В седьмой главе («Ирония вненаходимости») внимание вновь обращено к теме вненаходимости, но теперь рассматриваются различные практики, связанные с ироническим обыгрыванием советской действительности, характерные для позднего социализма. Среди таких практик выделены анекдоты, стёб как особая форма повседневной иронии, а также деятельность так называемых «некрореалистов» - группы молодых людей из Ленинграда, которые в 1980-х гг. устраивали откровенно абсурдные перфомансы в публичных пространствах.

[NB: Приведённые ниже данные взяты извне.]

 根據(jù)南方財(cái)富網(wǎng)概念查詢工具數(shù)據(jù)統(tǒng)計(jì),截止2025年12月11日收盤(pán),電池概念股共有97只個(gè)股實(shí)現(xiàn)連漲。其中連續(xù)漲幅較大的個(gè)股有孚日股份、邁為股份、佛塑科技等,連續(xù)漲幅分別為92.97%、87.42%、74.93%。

Можно с уверенностью утверждать, что исследование Юрчака – одно из самых глубоких с начала 2000-х гг. в смысле детализации анализа, и что оно действительно позволяет ответить на ряд очень важных для понимания краха советского проекта вопросов. В то время как подавляющее большинство исследований, посвященных распаду Советского Союза сконцентрированы на политических или экономических аспектах, нередко есть в этих работах важный недочет: они не объясняют, почему советские люди с такой легкостью приняли образ жизни, который официальная пропаганда на протяжении десятилетий беспощадно критиковала, и о котором у основной массы населения были в лучшем случае расплывчатые (а в худшем – мифологизированные) представления? Наиболее внимательные исследователи отмечают подрыв легитимности советской системы, и выделяют некоторые его аспекты – но в книге Юрчака показано, на множестве предельно детальных и ярких примеров – как происходило это медленное, но необратимое нарастание дефицита легитимности в обществе, сделавшее возможным столь стремительный и относительно бескровный распад Советского Союза. В этом отношении аналитический потенциал книги огромен, и ее концептуальные рамки можно использовать для целого ряда смежных исследований по анализу советского общества и всей системы позднего социализма.